America’s enemies justifiably believe our academic institutions and values are for sale

News & Politics

An organization called the Network Contagion Research Institute released a study on Tuesday arguing that authoritarian Middle Eastern regimes have funneled more than $13 billion to 200 American universities and colleges.

Its report is titled “The Corruption of the American Mind: How Concealed Foreign Funding of U.S. Higher Educations Predicts Erosion of Democratic Values and Antisemitic Incidents on Campus.”

Bari Weiss, the former New York Times reporter turned independent truth teller, wrote a piece explaining the impact of the foreign influence on America’s college campuses. She focused primarily on linking the study to the support for Hamas and Palestinians in the aftermath of Hamas’ deadly attack on Israeli citizens.

Weiss wrote:

The report finds that at least 200 American colleges and universities illegally withheld information on approximately $13 billion in undisclosed contributions from foreign regimes, many of which are authoritarian. Moreover, while correlation is not causation, they found that the number of reported antisemitic incidents on a given campus has a meaningful relationship to whether that university has received funding (disclosed and undisclosed) from regimes, or entities tied to regimes in the Middle East.

Weiss and the NCRI conclude that the universities receiving this money “support heightened levels of intolerance towards Jews, open inquiry, and free expression.”

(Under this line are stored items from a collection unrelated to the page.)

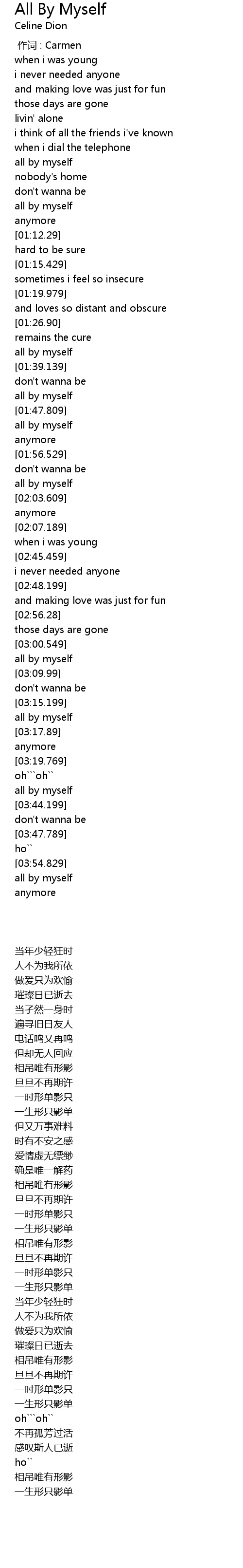 | [03:23.699] | all by myself |
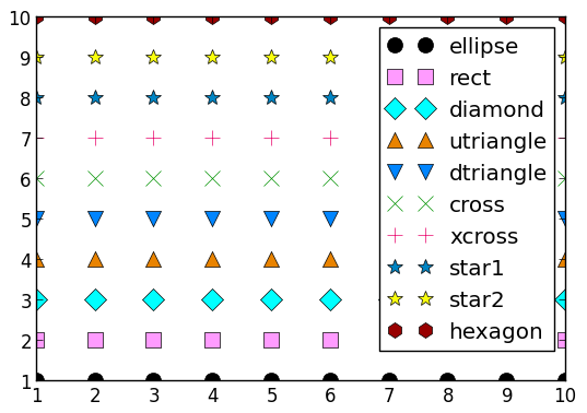 plot(repmat(collect(1:10)',10,1); markers=[:ellipse,:rect,:diamond,:utriangle,:dtriangle,:cross,:xcross,:star1,:star2,:hexagon],labels=["ellipse","rect","diamond","utriangle","dtriangle","cross","xcross","star1","star2","hexagon"],linetype=:none,markersize=10)
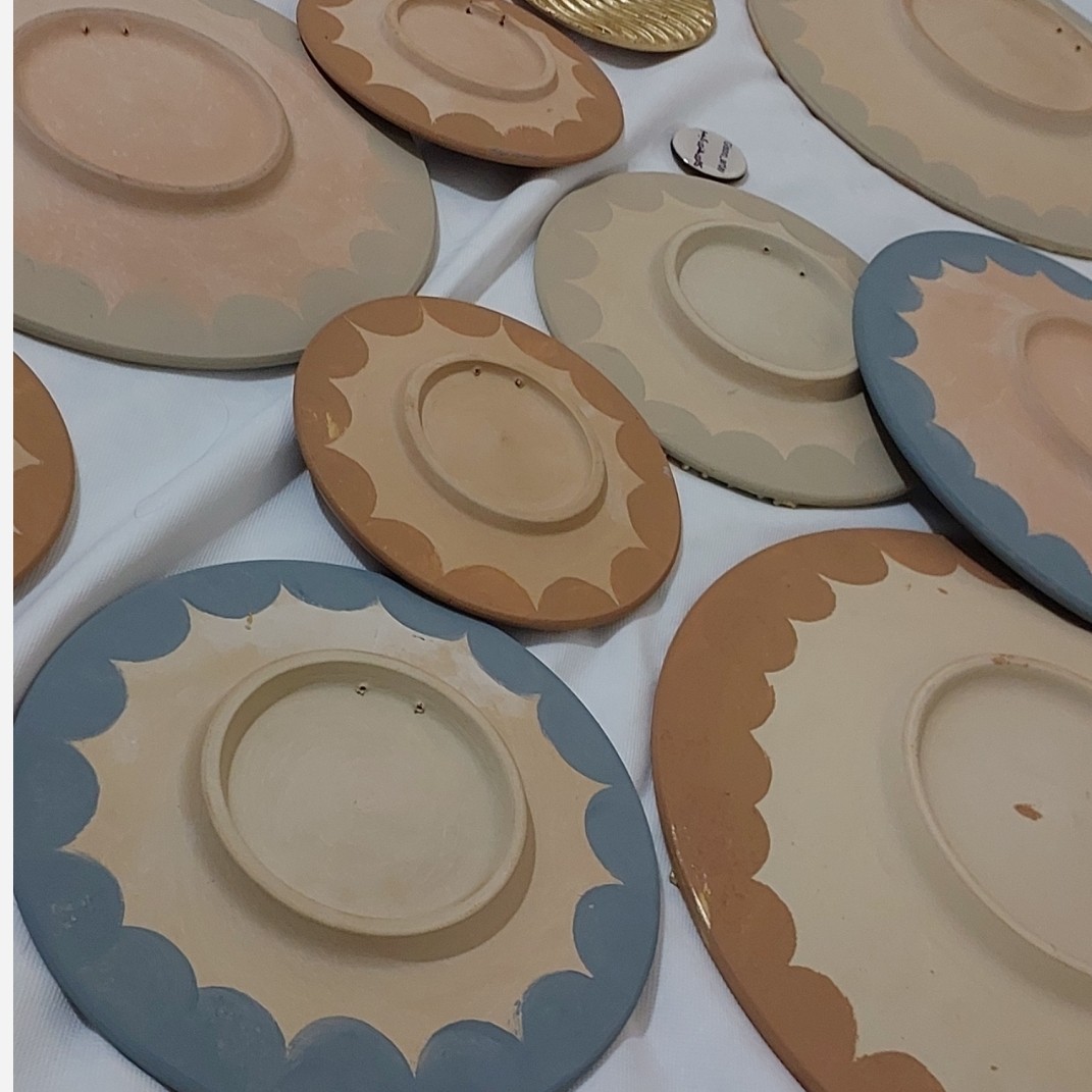 ست دیوارکوب سفالی 5 عددی سایز بزرگ در سایز های 35،30،25،20،15 کاملا براق و ضدآب قابل سفارش رنگ و طرح دلخواه کاملا کار دست امکان تفاوت جزئی به علت دست سازه بودن پشت کار همنقدر تمیز زیبا دارای قلاب آویز
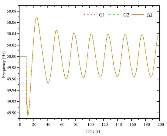 Additionally, in order to further investigate the oscillation suppression performance of the CFS_GPSS across a wide frequency range, load disturbances were conducted under operating conditions 2 and 3. The frequency variation curve of generator G1 during these two operating conditions is illustrated in Figure 12.
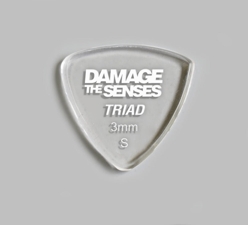 Damage The Senses picks are constructed from 3mm thick Acrylic featuring an etched & painted logo giving the pick extra grip. Acrylic is a hard, long lasting – slow wearing material.
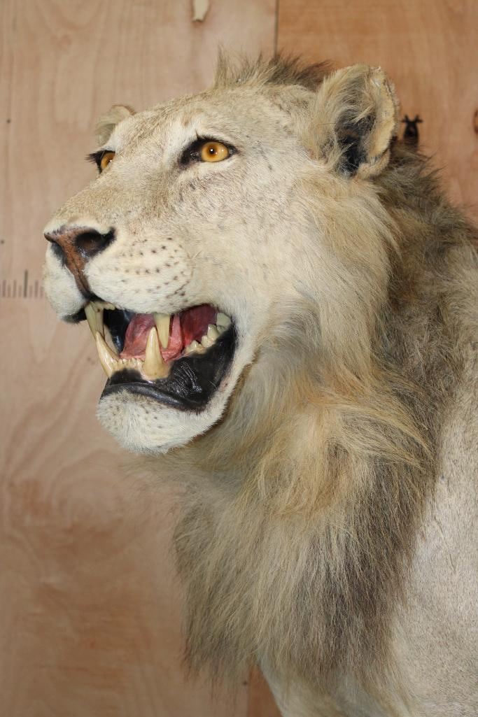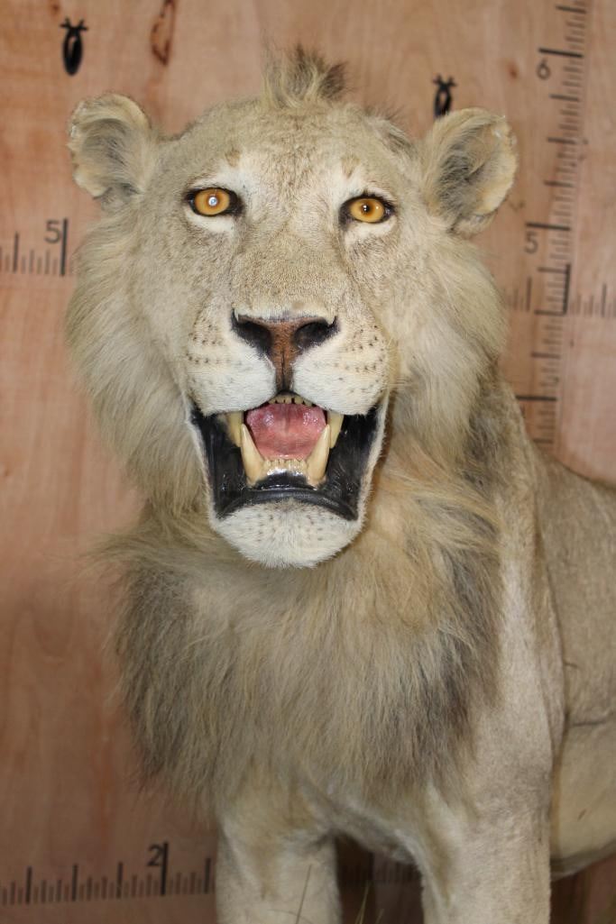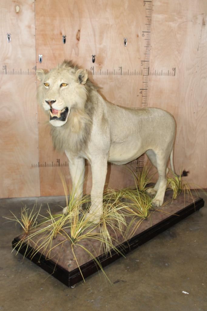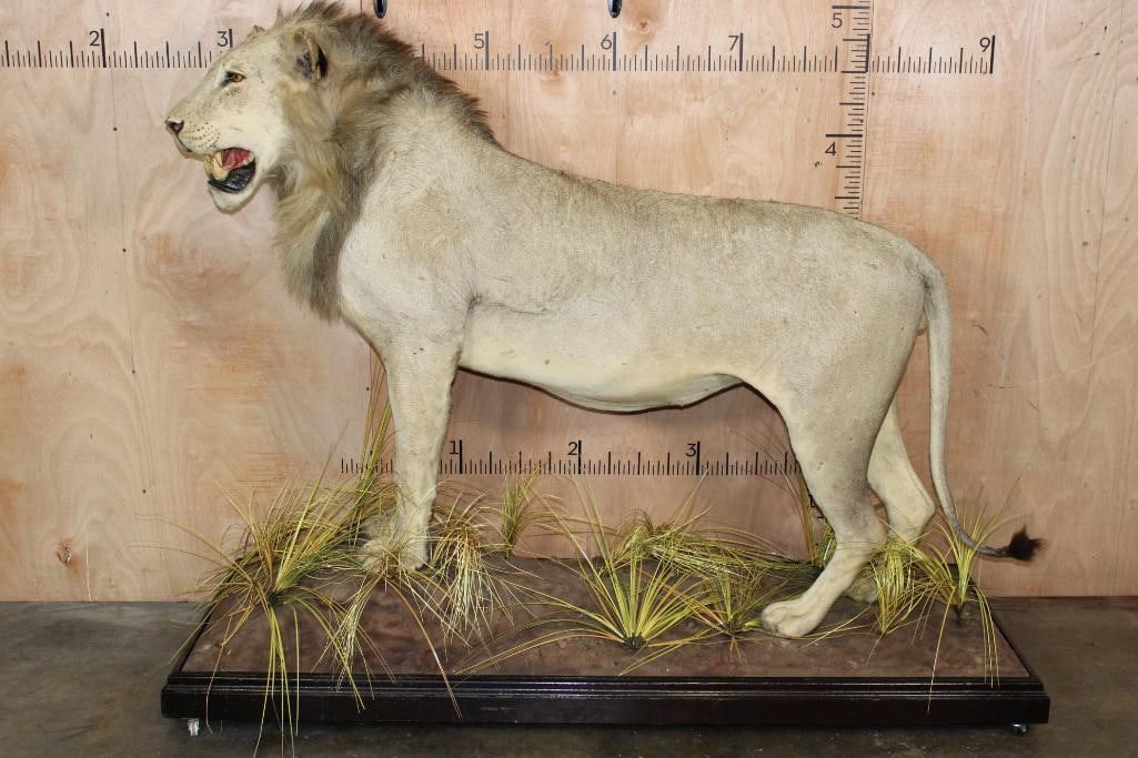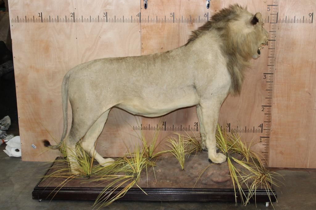 *TEXAS RESIDENTS ONLY*! Nice Life-sized AFRICAN LION. It is mounted on a Base with Wheels and measures 6' 5" Long x 28.25" Wide x 59" Tall. It has 8 Claws including 1 Dew claw. The Lion is removable from the Base and it is in Good Condition. TAXIDERMY
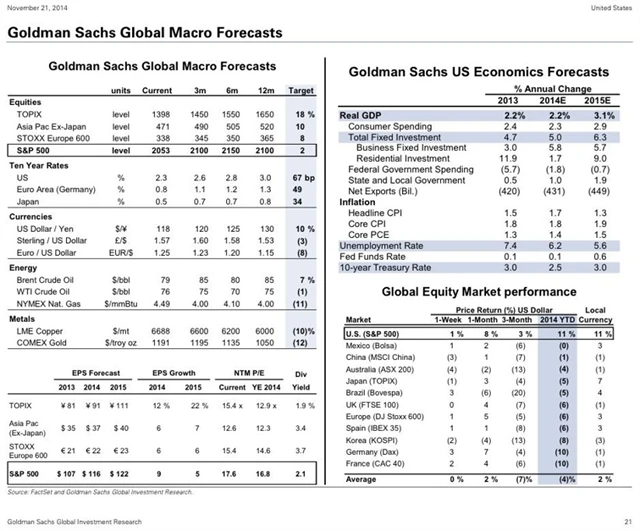 Analytici a stratégové z Goldman Sachs na konci listopadu zaplavili trh - podobně jako jejich kolegové z dalších velkých bank - svými předpověďmi dění na trzích v roce 2015. Pokud nemáte čas číst všechny ty věštby, možná vám udělá radost následující tabulka.
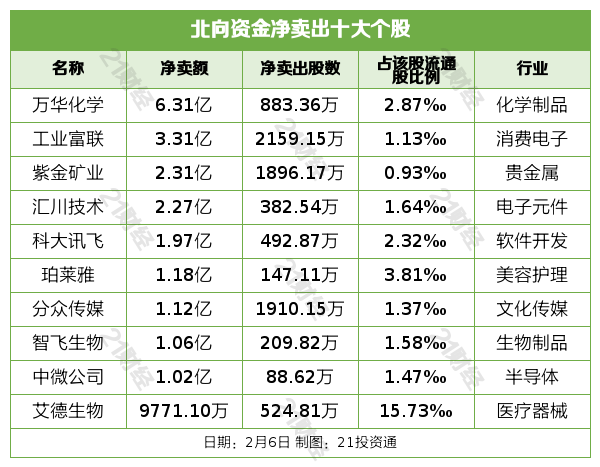 北向资金净卖出万华化学(600309.SH)、工业富联(601138.SH)、紫金矿业(601899.SH)、汇川技术(300124.SZ)、科大讯飞(002230.SZ)居前,其中,万华化学被净卖出6.31亿元,工业富联被净卖出3.31亿元,紫金矿业被净卖出2.31亿元,汇川技术被净卖出2.27亿元,科大讯飞被净卖出1.97亿元。
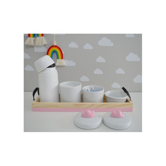 Kit Nuvem Higiene Porcelanas Bandeja Pinus Faixa Color K035 - Rosa
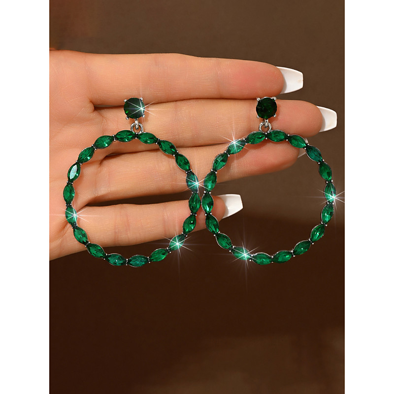 Women's Emerald Crystal Statement Earrings - Luxurious Rhinestone Drop Hoop Designs for Glam Party and Evening Events

Let me give my interpretation of the report and Weiss’ follow-up story: America — not just our academic institutions — is for sale. We have so little respect and appreciation for the sacrifices made by our forefathers and ancestors that virtually every American institution and individual can be bought for a price.

We can and should wag our fingers at college administrators and professors for accepting money from countries, oligarchs, and sheikhs who abhor American values and influence. But the reality is that we all played a role in fostering a culture that made us vulnerable to foreign influence.

Five years ago, I received an unwanted crash course in the kind of campus politics that spawns the opportunity for foreign investors to exercise outsized influence over our academic institutions.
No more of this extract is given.